TL;DR
Fabio Wardley and Daniel Dubois, both with a 95% knockout ratio, face off in a high-stakes heavyweight bout. Wardley, the WBO champion, has a unique background, while Dubois seeks redemption after previous losses.
Daniel Dubois and Fabio Wardley are very different characters but, in the ring, they share a knockout ratio of 95% in the combined 42 fights they have won. The unbeaten Wardley has knocked out 19 opponents in his 20 victories while Dubois has stopped 21 of 22 vanquished rivals. It’s an impressive statistic which belies the vulnerability at the heart of each man.
Wardley, the WBO world heavyweight champion, comes from a white-collar boxing background with minimal experience as an amateur. The only blemish on his record is a draw in March 2024 with the Olympic medallist Frazer Clarke – who he then knocked out with shocking brutality in the first round seven months later. But Wardley was also comprehensively outboxed by Justice Huni last summer before rescuing himself from a shutout defeat by separating the tricky Australian from his senses in a dramatic 10th round. The 31-year-old has often looked to be in trouble against more skilful rivals before his power obliterates the gulf in experience or ringcraft.
Dubois, meanwhile, has suffered three losses, to Joe Joyce and twice to Olekansdr Usyk, the best heavyweight on the planet. Each time he has come back from a crushing defeat with renewed determination but a fourth setback on Saturday night would be a serious blow to the complex Dubois – who, in contrast to his concussive force as a knockout merchant, cuts a strangely reticent figure outside the ring.
The 28-year-old Dubois has lived much of his life beneath the shadow of his father, Stan, who home-schooled the boxer and his siblings. Dubois still lives with his dad – known to many as Dave – and they were both criticised for holding a party in the family home hours before he was knocked out by Usyk last July.

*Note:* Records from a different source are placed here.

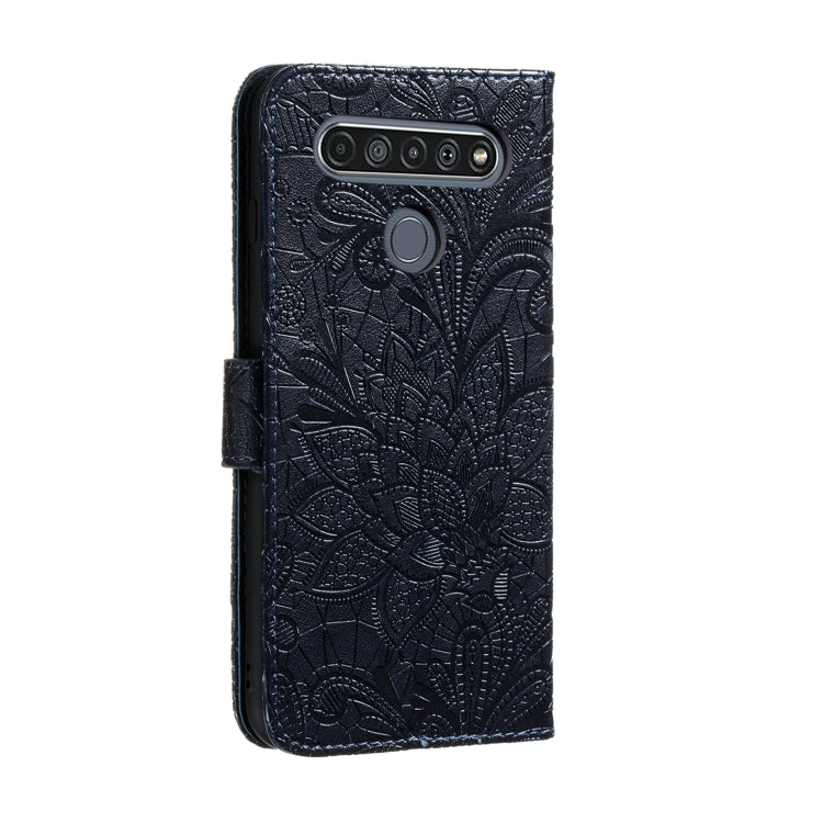 Funda de Cuero para LG K61 Lace Flower con Tapa Horizontal, Soporte, Ranuras para Tarjetas y Billetera (Azul Oscuro)
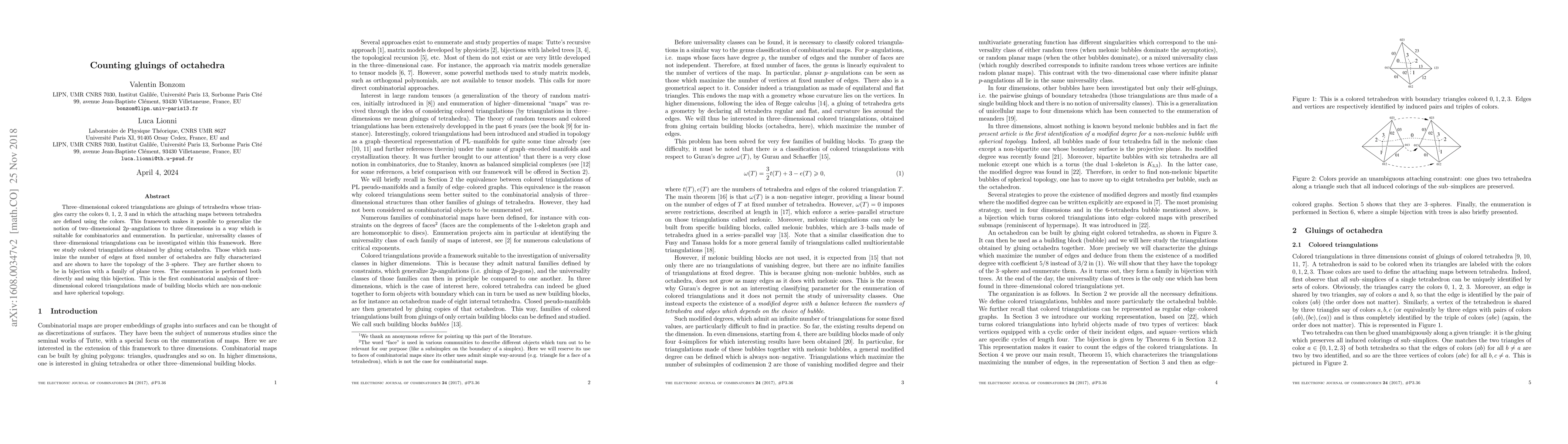Three--dimensional colored triangulations are gluings of tetrahedra whose faces carry the colors 0, 1, 2, 3 and in which the attaching maps between tetrahedra are defined using the colors. This framework makes it possible to generalize the notion of two--dimensional $2p$--angulations to three dimensions in a way which is suitable for combinatorics and enumeration. In particular, universality classes of three--dimensional triangulations can be investigated within this framework. Here we study colored triangulations obtained by gluing octahedra. Those which maximize the number of edges at fixed number of octahedra are fully characterized and are shown to have the topology of the 3--sphere. They are further shown to be in bijection with a family of trees, a result which is confirmed by the exact enumeration.
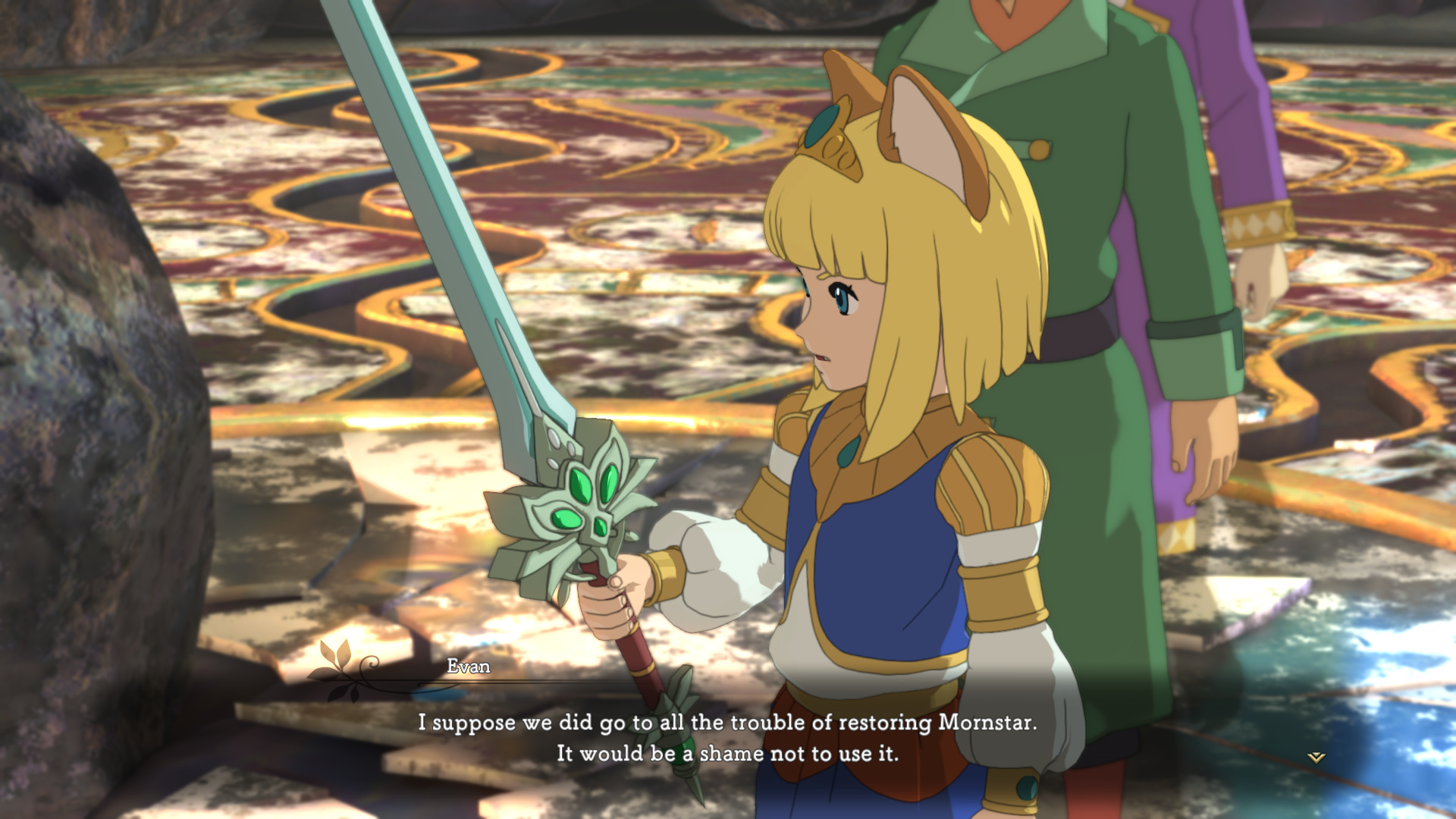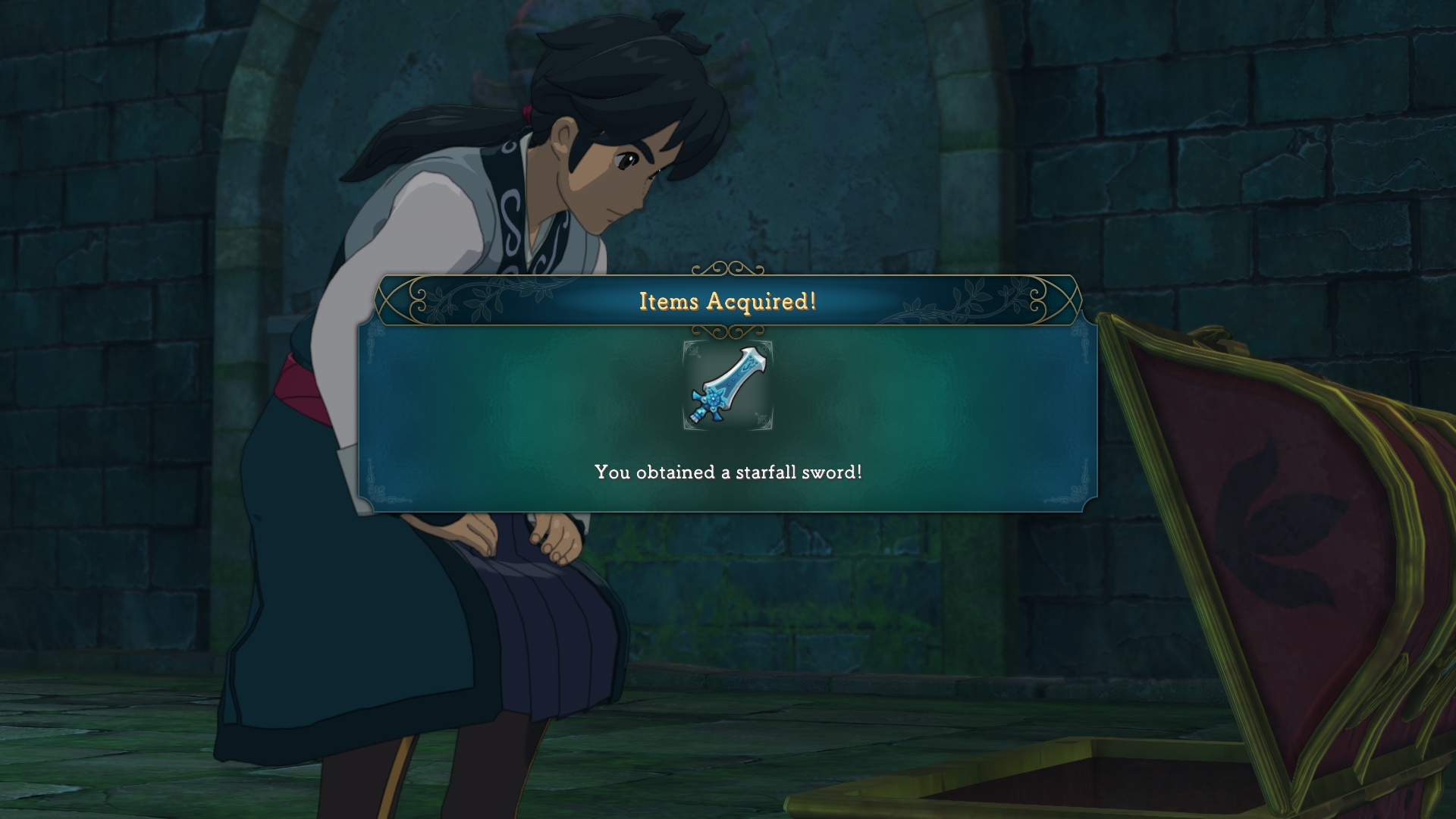 Oh, and if you’re ever wondering why I don’t bother with any of the chests.. you see the notification in this pic where we got a starfall sword? That sword is maybe seven less offense than the one Roland found in Evan’s room during the last story segment.
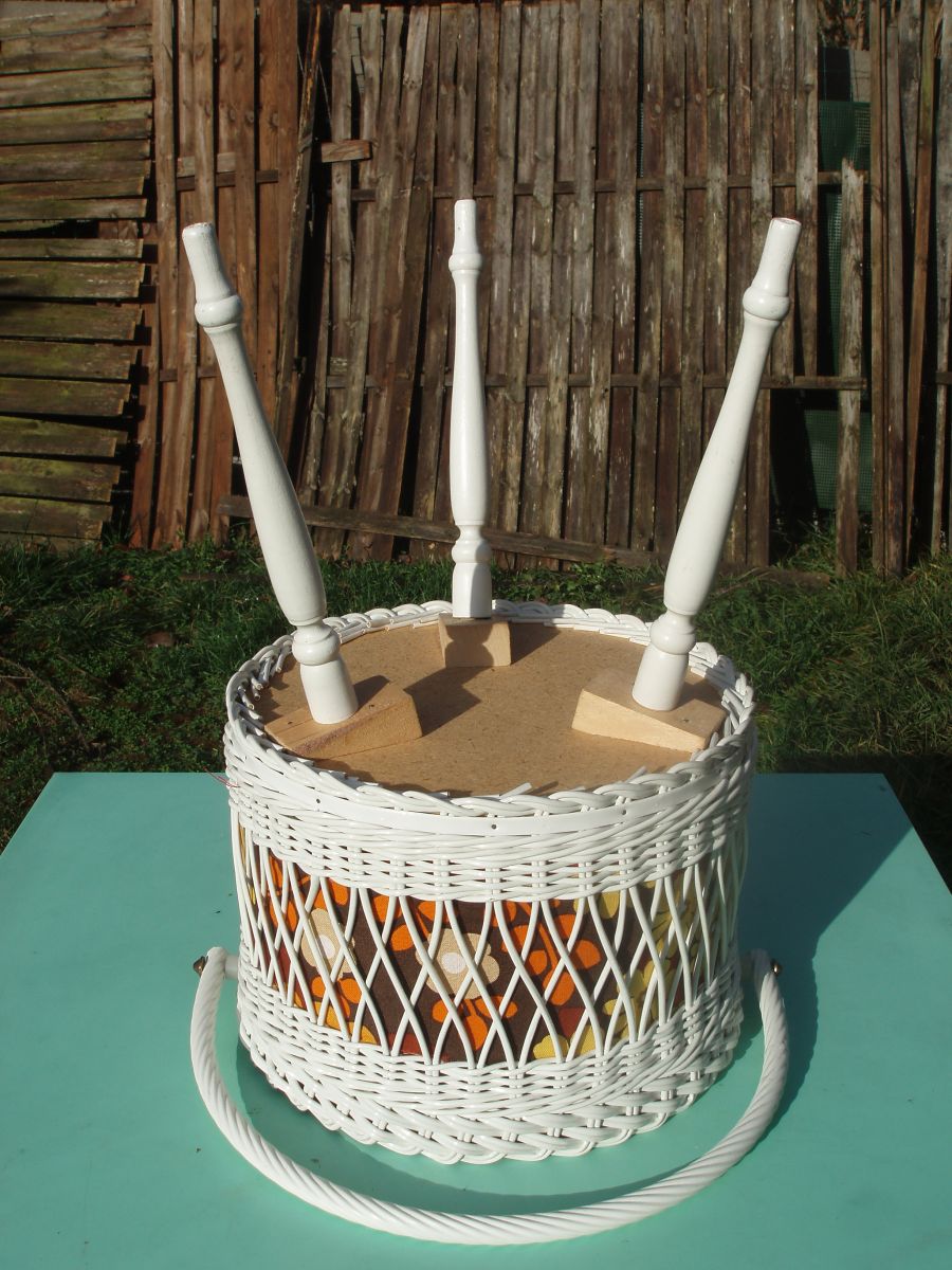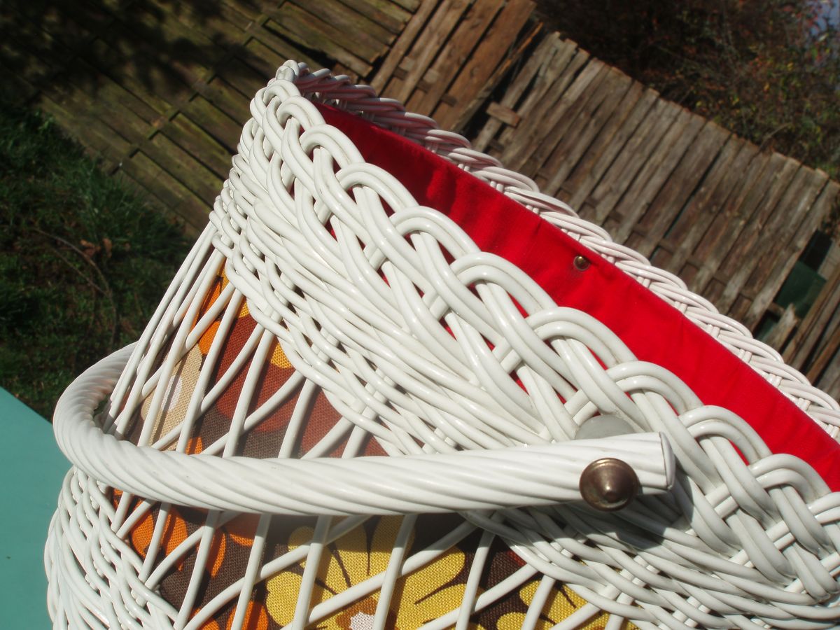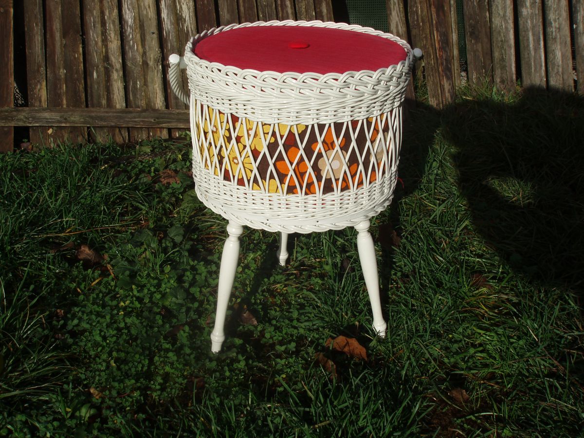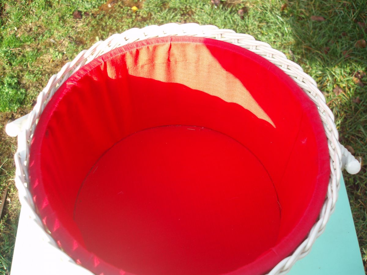 l'article est il encore disponible? y a t'il des rénovations à y faire , par exemple peinture blanche et le tissu rouge du couvercle est il en bon état ou un peu usé ? L'anse est elle en rotin ou en plastique.?..
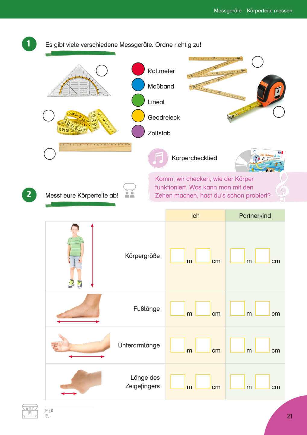 Ausgehend vom eigenen Körper erforschen die Schüler/innen Größen wie Meter, Kilogramm, Stunde und Euro.
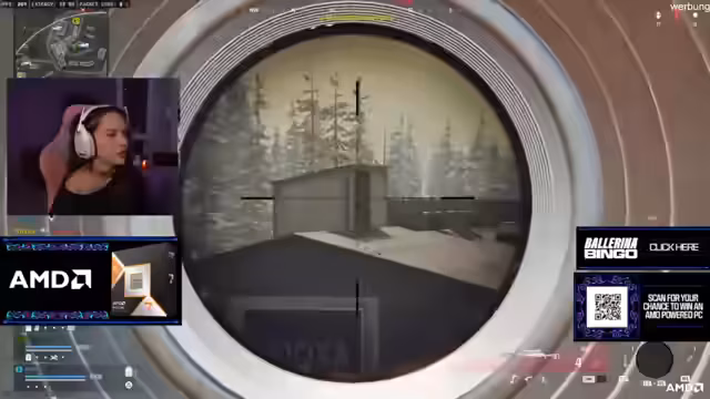 02:23:19Die Streamerin fasst kurz das aktuelle Turnierformat zusammen: Es ist ein Event von AMD und Call of Duty zur Feier der neuen Warzone-Season und des Films Ballerina. Sie wiederholt die Informationen zum AMD-Gewinnspiel, den Teilnahmebedingungen und die Gewinnchancen, die auch schon früher an die Community gingen. Zusätzlich geht sie detailliert auf die Specs des zu gewinnenden PCs ein, die neuen GPUs der 9000er-Serie und die leistungsstarke 9000er X3D CPU, die sowohl für Gaming als auch für Content-Erstellung ideal sei.

In the messy aftermath Dubois left his trainer, Don Charles, who had been quietly sceptical of the revelry before such an important world title fight. Stan Dubois steered him towards Tony Sims’s gym but it did not take long for them to return to Charles – the one trainer who seems to understand the dynamic that exists between a supremely confident father and a shy and hesitant son.